• DATASET EXTRACT:
******************************

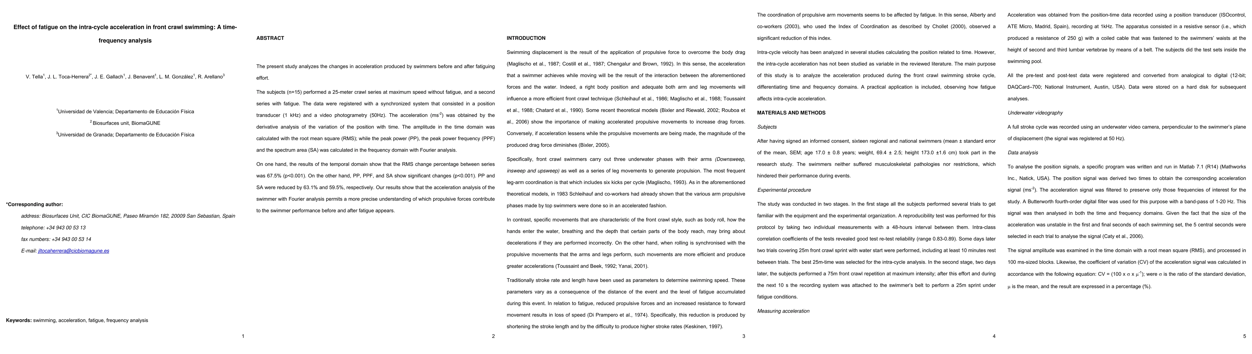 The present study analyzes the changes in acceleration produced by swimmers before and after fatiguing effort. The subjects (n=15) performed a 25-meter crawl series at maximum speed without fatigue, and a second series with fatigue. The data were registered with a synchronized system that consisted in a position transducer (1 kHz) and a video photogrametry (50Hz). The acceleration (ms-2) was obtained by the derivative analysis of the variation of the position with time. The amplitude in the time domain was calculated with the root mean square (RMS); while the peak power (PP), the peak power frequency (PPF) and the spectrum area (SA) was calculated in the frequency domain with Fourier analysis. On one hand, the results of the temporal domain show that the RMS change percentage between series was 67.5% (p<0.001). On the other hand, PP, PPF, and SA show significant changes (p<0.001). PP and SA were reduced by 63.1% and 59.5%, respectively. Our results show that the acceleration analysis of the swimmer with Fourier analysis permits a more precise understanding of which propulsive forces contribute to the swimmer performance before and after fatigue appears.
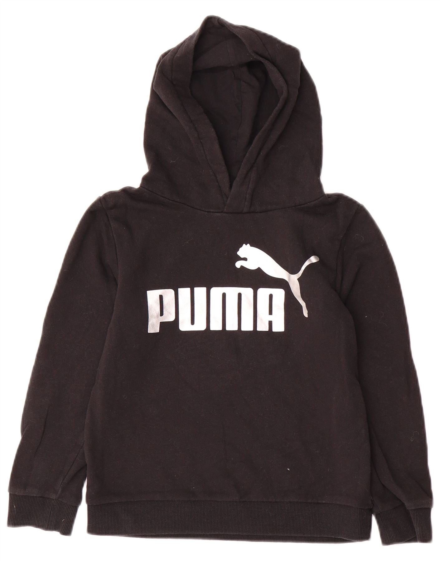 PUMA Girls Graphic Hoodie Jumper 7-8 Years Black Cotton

******************************

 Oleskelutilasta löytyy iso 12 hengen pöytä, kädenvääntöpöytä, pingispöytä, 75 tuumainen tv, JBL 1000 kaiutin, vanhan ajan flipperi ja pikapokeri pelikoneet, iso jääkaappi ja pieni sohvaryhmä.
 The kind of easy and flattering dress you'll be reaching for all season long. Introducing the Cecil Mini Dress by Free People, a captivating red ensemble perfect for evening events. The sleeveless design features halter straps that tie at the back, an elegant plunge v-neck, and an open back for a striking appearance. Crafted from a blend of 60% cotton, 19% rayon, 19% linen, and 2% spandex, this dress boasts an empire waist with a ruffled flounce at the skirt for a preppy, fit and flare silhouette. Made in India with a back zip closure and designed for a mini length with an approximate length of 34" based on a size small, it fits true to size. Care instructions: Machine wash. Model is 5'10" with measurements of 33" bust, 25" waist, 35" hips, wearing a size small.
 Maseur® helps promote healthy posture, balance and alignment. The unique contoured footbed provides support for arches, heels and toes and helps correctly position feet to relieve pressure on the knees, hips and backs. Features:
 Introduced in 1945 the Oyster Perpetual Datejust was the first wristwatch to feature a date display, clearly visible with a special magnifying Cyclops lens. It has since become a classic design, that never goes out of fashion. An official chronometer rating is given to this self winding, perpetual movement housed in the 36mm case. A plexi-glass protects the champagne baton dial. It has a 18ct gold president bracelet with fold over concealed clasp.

******************************

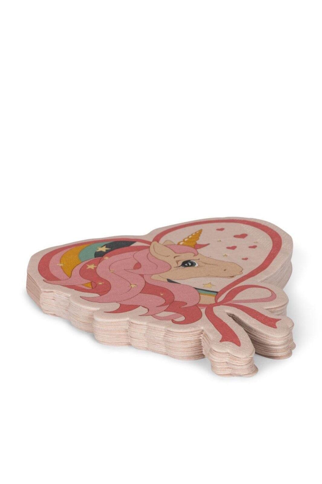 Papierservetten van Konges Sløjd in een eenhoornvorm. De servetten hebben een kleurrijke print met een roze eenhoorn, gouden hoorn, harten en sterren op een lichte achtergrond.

******************************

• WHAT THIS TASK INVOLVES: Look through the material above. Transcribe exactly the lines between the ones with "The present study" and "PUMA Girls Graphic", inclusive, and keep pictures out.

• ANSWER TO THIS PROBLEM:
 The present study analyzes the changes in acceleration produced by swimmers before and after fatiguing effort. The subjects (n=15) performed a 25-meter crawl series at maximum speed without fatigue, and a second series with fatigue. The data were registered with a synchronized system that consisted in a position transducer (1 kHz) and a video photogrametry (50Hz). The acceleration (ms-2) was obtained by the derivative analysis of the variation of the position with time. The amplitude in the time domain was calculated with the root mean square (RMS); while the peak power (PP), the peak power frequency (PPF) and the spectrum area (SA) was calculated in the frequency domain with Fourier analysis. On one hand, the results of the temporal domain show that the RMS change percentage between series was 67.5% (p<0.001). On the other hand, PP, PPF, and SA show significant changes (p<0.001). PP and SA were reduced by 63.1% and 59.5%, respectively. Our results show that the acceleration analysis of the swimmer with Fourier analysis permits a more precise understanding of which propulsive forces contribute to the swimmer performance before and after fatigue appears.
 PUMA Girls Graphic Hoodie Jumper 7-8 Years Black Cotton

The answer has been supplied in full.